Effect of α morphology on the diffusional β ↔ α transformation in Ti-55531 during continuous heating: Dissection by dilatometer test, microstructure observation and calculation

The α ↔ β phase transformation in dual-phase Ti-55531 alloy during the continuous heating was investigated by combining dilatometer test with microstructure characterization and local composition mapping. It was found that the α ↔ β phase transformation in individual temperature regions mainly involved either of two types of α phases, i.e. the lamellar α phase which forms during the continuous heating or the slab α phase raised in preliminary isothermal reaction. The corresponding transformation sequence was verified as β → αlamellae, αlamellae → β, and αslab → β. The pile-ups of alloying elements at the α/β interface were understood by either local equilibrium condition or differences among net diffusion fluxes of alloying elements. More important was that the growth and dissolution kinetics of both α phases were modeled and compared with experiments. With the calculations, the dissolution of slab α phase was demonstrated to follow the kinetics of planar interface without the Gibbs-Thomson effect. In contrast, the Gibbs-Thomson effect was proven to do contribution to lamellar α phase.
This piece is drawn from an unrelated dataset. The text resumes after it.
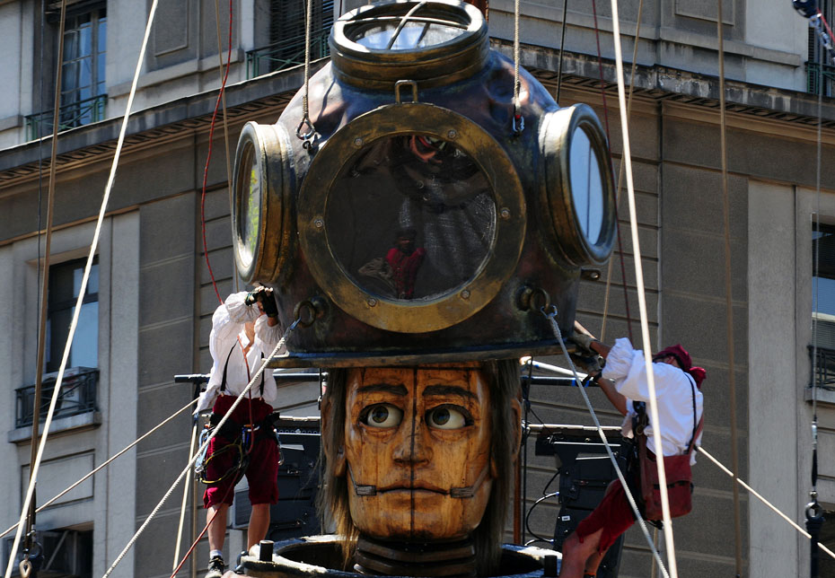 近日,智利首都圣地亞哥街頭,法國一劇團(tuán)攜巨型提線木偶“小巨人”上街表演,它惟妙惟肖的表情和逼真的神態(tài)引得周圍觀眾的陣陣掌聲。圖片來源:中國新聞網(wǎng)

It not only decreased the stability of α tip, such that the re-dissolution of lamellar α tips took place at 838 K below the equilibrium temperature, but also introduced a competition between the shrink of tips and thickening of broad face in α lamellae at 838-911 K. Moreover, the lengthening of lamellar α tips was proven to follow a kinetics controlled by a mixture of bulk and boundary diffusion, in comparison with the pure bulk diffusion of fastest Al governed the re-dissolution of both tips and broad faces.